Flynn enters ProRodeo Hall with his idol

July 17, 2010
photo - Bull rider Denny Flynn was inducted into the Pro Rodeo Hall of Fame on Saturday. Photo by BRYAN OLLER, THE GAZETTE
Bull rider Denny Flynn was inducted into the Pro Rodeo Hall of Fame on Saturday. Photo by BRYAN OLLER, THE GAZETTE 

Growing up, Denny Flynn idolized Paul Mayo to the point where he accidently hurt his brother, Mike.

No injuries were reported Saturday as Denny entered the ProRodeo Hall of Fame with Mayo as two of five inductees into the Class of 2010. Joining them were 1974 world saddle bronc champion John McBeth, bullfighter Rex Dunn and stock contractor Bennie Beutler.

“I never thought I would ever be here never winning a world title,” said Denny, who was inducted into the notables/lifetime achievement category.

Sporting a black cowboy hat, blue jeans and a red plaid buttoned-down shirt underneath his black jacket, Denny Flynn said when he was about 14 years old, he and his brother read Pro Rodeo Sports News magazine for the first time and became instantly hooked.

They started a subscription and fought to determine who would earn the privilege of retrieving the magazine from the mailbox — or dibs. One day, Denny saw the mailman stroll down the Arkansas dirt road and discreetly walked to the front door. When he thought he was in the clear, he said he hollered “mailman” and took off.

Denny, however, hit the screen door and as he ricocheted off the porch, Mike tackled him.
“Of course, I was mad,” Denny said. “Mike was headed towards the mailbox and I had my hand on a rock. I picked up that rock and I threw it and I hit Mike in the back of the head.”

Denny easily got the magazine and sat on his porch reading while Mike returned with blood on his hands. After their mother tended to Mike’s injury, she asked Denny for an explanation.

“She had her hands on her hips and said, ‘Do you mind telling me what just happened?’ I said, ‘Yeah. Paul Mayo just went ahead of Clyde Vamvoras in bareback riding,’” said Denny as the crowd bursted with laughter.

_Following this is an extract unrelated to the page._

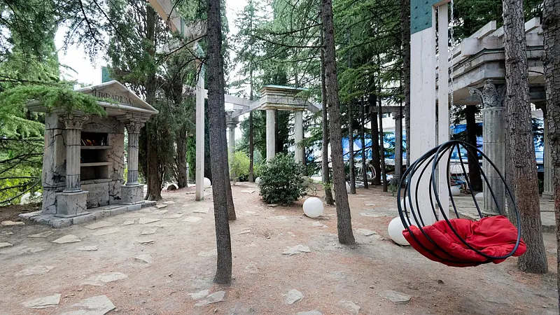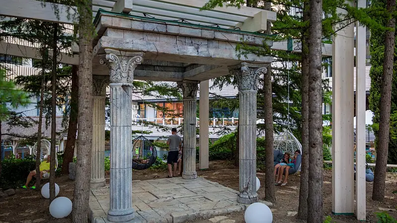 Парк коконов – это новая зона релакса, расположенная возле переливного бассейна с джакузи «Инфинити». Здесь можно в тишине, уюте и тенистой зелени южных деревьев подышать целебным крымским воздухом, удобно устроившись в мягких креслах-коконах. Они размеренно покачиваются в окружении тематических античных колонн, которые переносят всех гостей в мир греко-римских легенд и сказаний.

McBeth told a similar story in his induction speech, albeit without injuries.

When McBeth was about 9, his father, Harold, gave him $1 for lunch and a list of events he wanted his son to compete in.

“I don’t think he read that show bill too well because the last event was an 18-and-under steer riding. Entry fee: $1,” McBeth said. “I didn’t get to eat lunch that day.”

As Dunn said, rodeo is about memories, which he’s had his fair share.

“I’ve forgotten more memories than most people will ever have in their lifetime,” Dunn said.

But for one morning, the memories came flooding back.